### Task item
Transcribe the listing exactly, so that nothing but the pictures is missing.

### The data
________________________________________
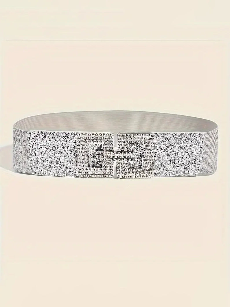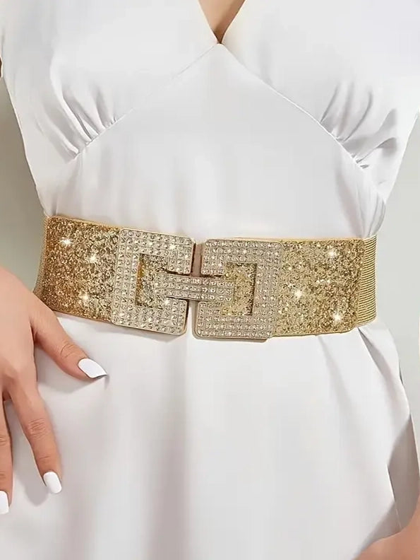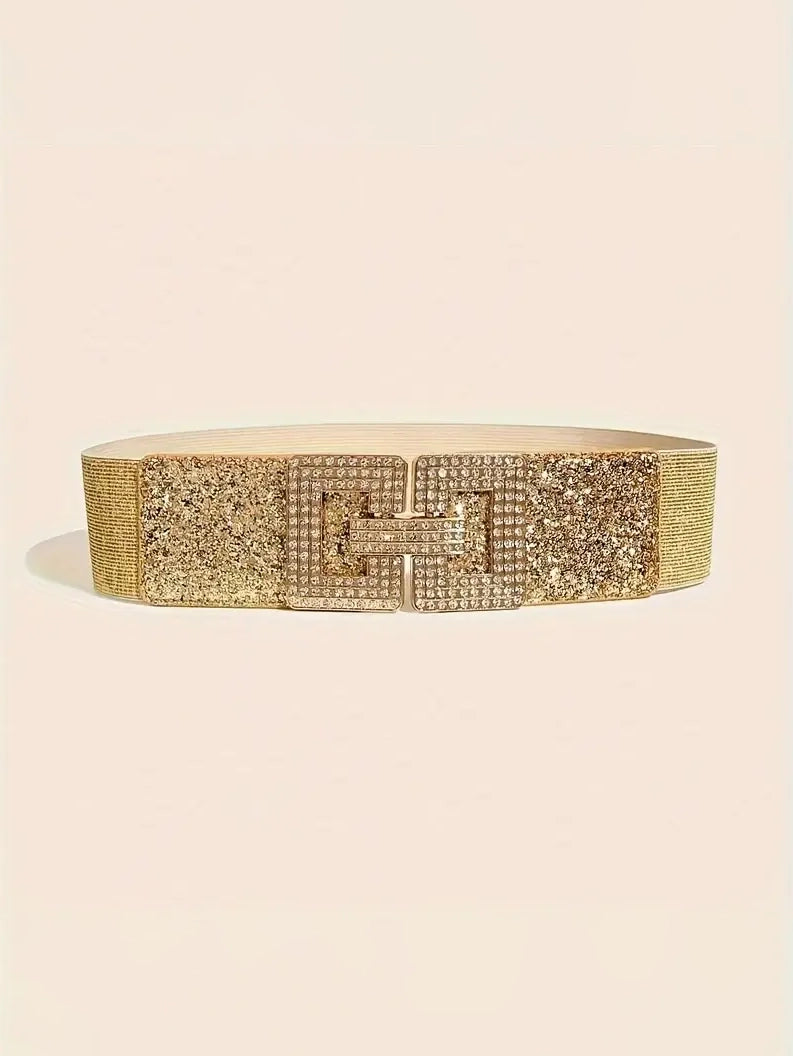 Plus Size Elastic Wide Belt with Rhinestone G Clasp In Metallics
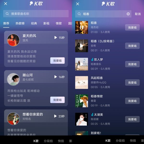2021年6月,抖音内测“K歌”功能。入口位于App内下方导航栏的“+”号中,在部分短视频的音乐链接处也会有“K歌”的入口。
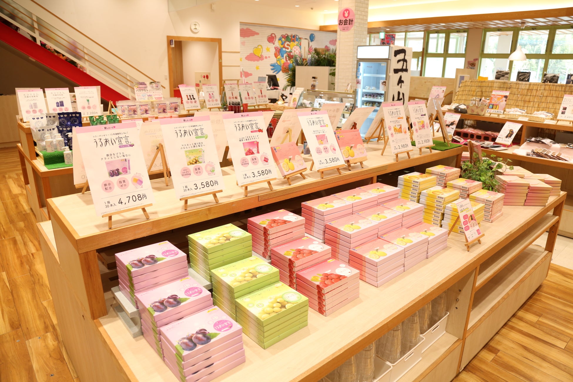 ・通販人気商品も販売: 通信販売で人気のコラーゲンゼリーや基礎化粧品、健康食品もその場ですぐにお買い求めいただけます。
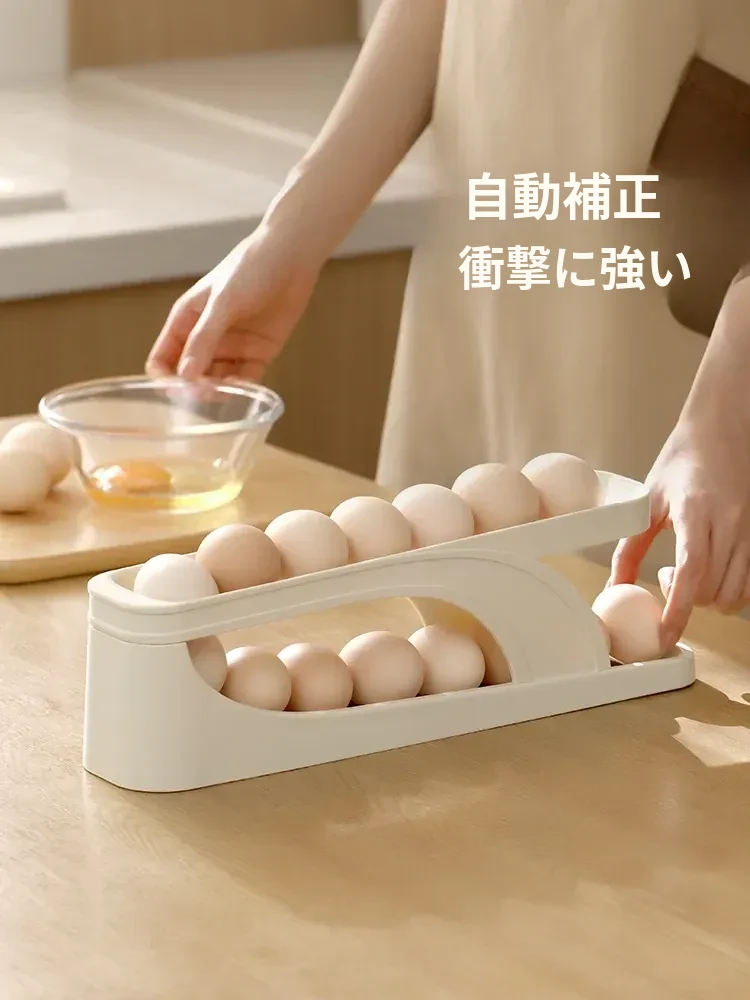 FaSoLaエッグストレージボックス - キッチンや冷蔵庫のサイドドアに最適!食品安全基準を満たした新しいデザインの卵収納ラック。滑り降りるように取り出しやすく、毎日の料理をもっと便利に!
________________________________________
### Answer for this exercise
 Plus Size Elastic Wide Belt with Rhinestone G Clasp In Metallics
2021年6月,抖音内测“K歌”功能。入口位于App内下方导航栏的“+”号中,在部分短视频的音乐链接处也会有“K歌”的入口。
 ・通販人気商品も販売: 通信販売で人気のコラーゲンゼリーや基礎化粧品、健康食品もその場ですぐにお買い求めいただけます。
 FaSoLaエッグストレージボックス - キッチンや冷蔵庫のサイドドアに最適!食品安全基準を満たした新しいデザインの卵収納ラック。滑り降りるように取り出しやすく、毎日の料理をもっと便利に!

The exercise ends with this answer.